Stage Notes is a weekly aggregate post about theater, classical music and stage news, events, reviews and other pertinent information.
Review: Mean Girls is fetching fun
Based on the 2004 film, Mean Girls as a musical checked off all the boxes it needed to to meet expectations. Radio pop showtunes: check; thrilling choreography: got it; technical innovation: done and done. There was much to like about the show that opened Tuesday at Music Hall in Fair Park particularly the satisfaction the show’s energy emanates.

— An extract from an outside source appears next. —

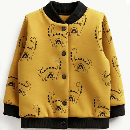 Детская толстовка-бомбер желтого цвета с принтом в виде динозавриков. Модель на кнопках, с манжетами и поясом в рубчик. Изготовлена из футера трехнитки с начесом (хлопок). Доступна в размерах 92-116.

The story of teenage girl Cady (English Bernhardt) who lived in Kenya because her mother works there for some reason is uprooted to Chicago where she has to deal with paved streets, smartphones and high school fashion. There she meets the gay boy Damian (Eric Huffman) and outsider chick Janis (Mary Kate Morrissey) who welcome her with open arms and genuine interest. Cady also eventually meets the Plastics, Gretchen (Olivia Renteria) and Karen (Morgan Ashley Bryant), who serve under the queen bee Regina George (Nadina Hassan). As Cady begins to spy on them for Damian and Janis and as she navigates her feelings toward Regina’s ex Aaron (Adante Carter), Cady loses sight of who she is as well as loses friends and ultimately trust.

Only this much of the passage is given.